INFORMATION SHOWN:
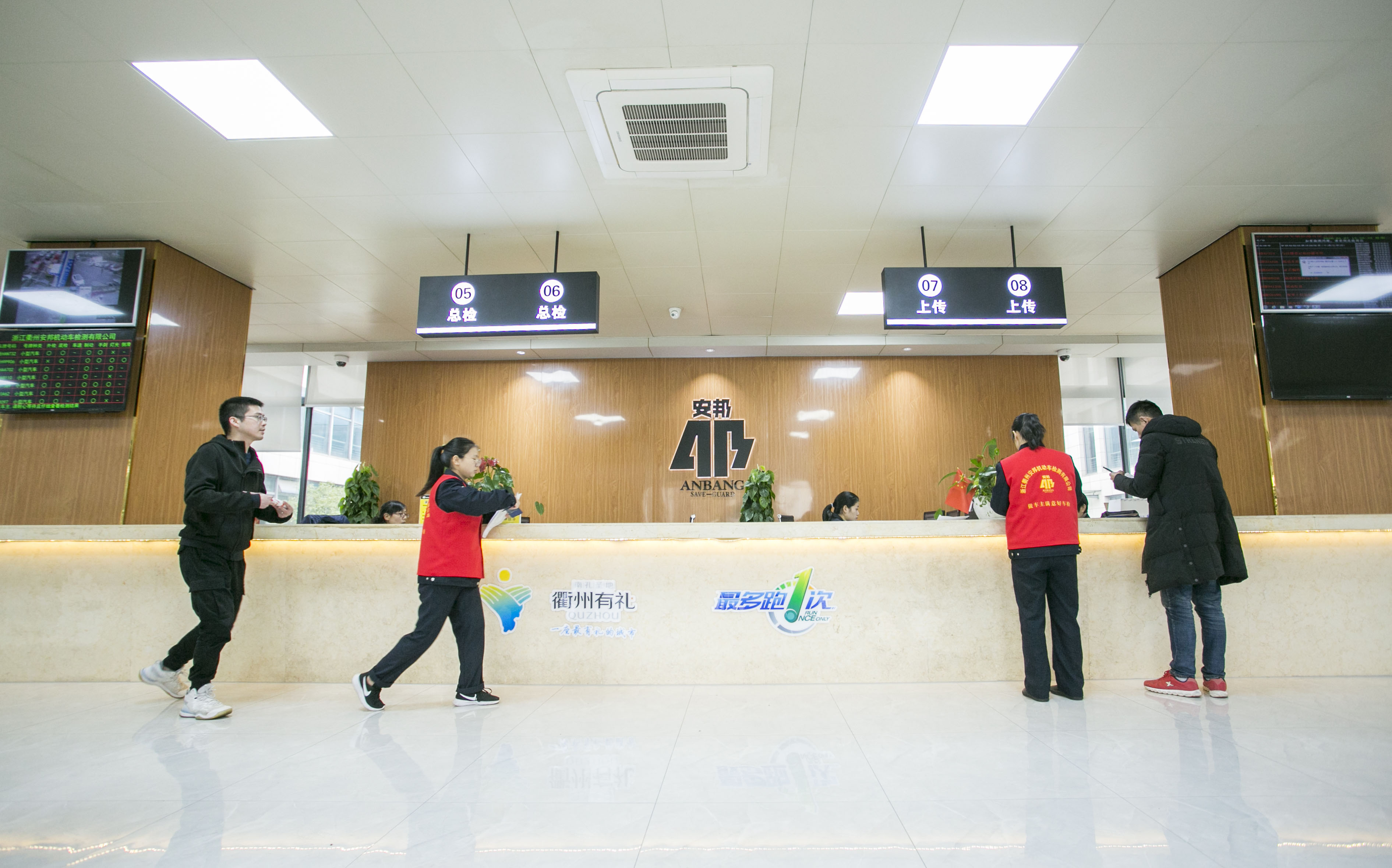 12月17日起,安邦公司投入大量资金提升改造各类硬件设施,对原办事大厅进行全面的升级改造,先后对地面、墙面进行翻新,对车主休息区进行扩建,重新购置了沙发、茶几,以“最多跑一次”、“衢州有礼”、“优质服务”等元素为主题,对办事大厅的服务文化进行全面升级,休息区配套齐全的便民服务设施,包括提供共享充电宝、共享按摩椅、自助售货机、自助业务查询机等;对检测场地重新规划,细化待检区、检测区、复检区、交车区、休息区、办事区和停车区等功能区块,在检测车间入口及出口处安装智能感应道闸,落实封闭管理,实现检测“人车分离”,规范场地秩序,同时对检测车间顶棚进行全面翻新,对车间地面重新规划各类引导指示牌重新规划,让群众办事更加一目了然。
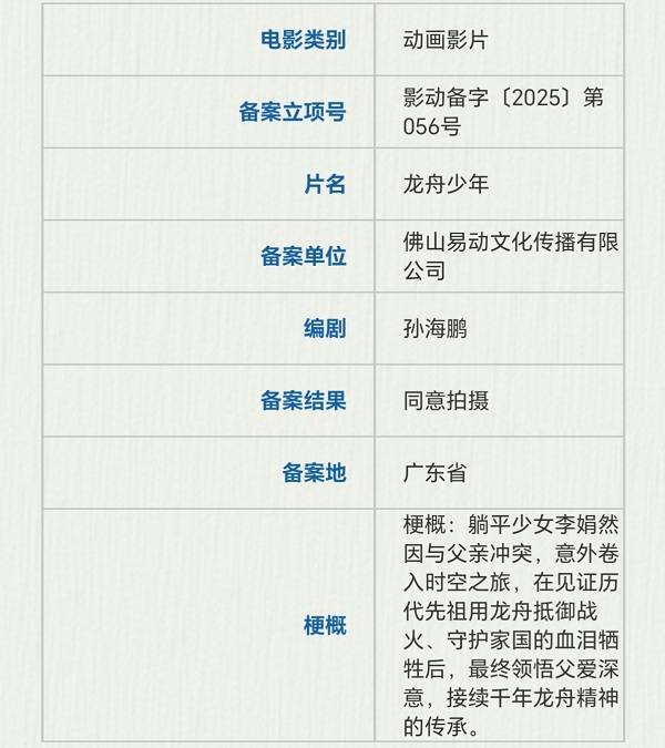 《雄狮少年》导演孙海鹏的佛山易动文化传播备案了《龙舟少年》,讲的是躺平少女李娟然因与父亲冲突,意外卷入时空之旅,在见证历代先祖用龙舟抵御战火、守护家国的血泪牺牲后,最终领悟父爱深意,接续千年龙舟精神的传承。
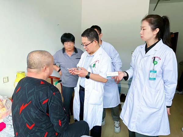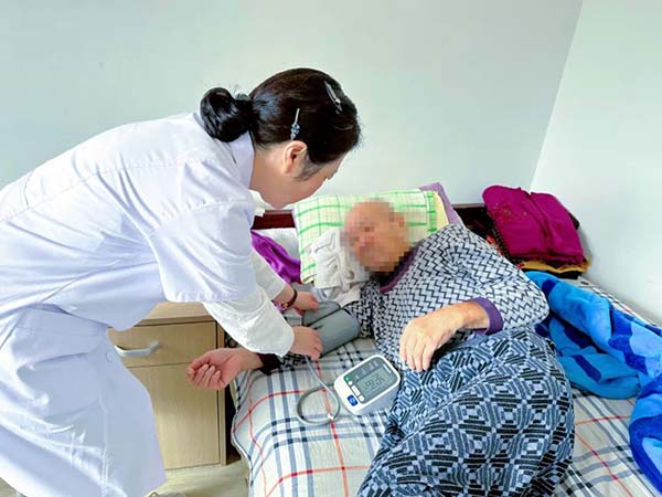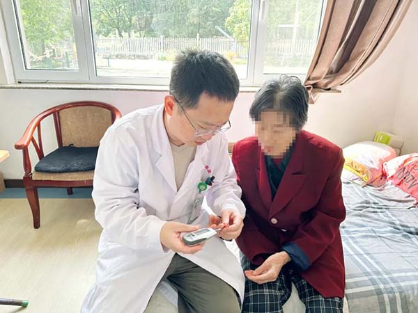 专业服务环节更显用心。王守涛书记为敬老院护理员进行了药品相关知识的讲解,通过安全、合理用药,保障老人的用药安全。王海良主任走到老人床旁,以“一对一”的形式问诊,详细询问每位老人病史、服药史及血糖、血压控制情况,针对患有糖尿病、高血压疾病的老年群体精准提供用药指导与用药方案的调整建议。此外,志愿者们还为近30名孤寡老人及护理员测量血压、血糖,并发放疾病预防、合理用药、饮食指导等宣传材料,切实提升老人们的健康意识。

EXERCISE PROMPT: Write out the whole listing above exactly, minus images.

TASK SOLUTION:
 12月17日起,安邦公司投入大量资金提升改造各类硬件设施,对原办事大厅进行全面的升级改造,先后对地面、墙面进行翻新,对车主休息区进行扩建,重新购置了沙发、茶几,以“最多跑一次”、“衢州有礼”、“优质服务”等元素为主题,对办事大厅的服务文化进行全面升级,休息区配套齐全的便民服务设施,包括提供共享充电宝、共享按摩椅、自助售货机、自助业务查询机等;对检测场地重新规划,细化待检区、检测区、复检区、交车区、休息区、办事区和停车区等功能区块,在检测车间入口及出口处安装智能感应道闸,落实封闭管理,实现检测“人车分离”,规范场地秩序,同时对检测车间顶棚进行全面翻新,对车间地面重新规划各类引导指示牌重新规划,让群众办事更加一目了然。
 《雄狮少年》导演孙海鹏的佛山易动文化传播备案了《龙舟少年》,讲的是躺平少女李娟然因与父亲冲突,意外卷入时空之旅,在见证历代先祖用龙舟抵御战火、守护家国的血泪牺牲后,最终领悟父爱深意,接续千年龙舟精神的传承。
 专业服务环节更显用心。王守涛书记为敬老院护理员进行了药品相关知识的讲解,通过安全、合理用药,保障老人的用药安全。王海良主任走到老人床旁,以“一对一”的形式问诊,详细询问每位老人病史、服药史及血糖、血压控制情况,针对患有糖尿病、高血压疾病的老年群体精准提供用药指导与用药方案的调整建议。此外,志愿者们还为近30名孤寡老人及护理员测量血压、血糖,并发放疾病预防、合理用药、饮食指导等宣传材料,切实提升老人们的健康意识。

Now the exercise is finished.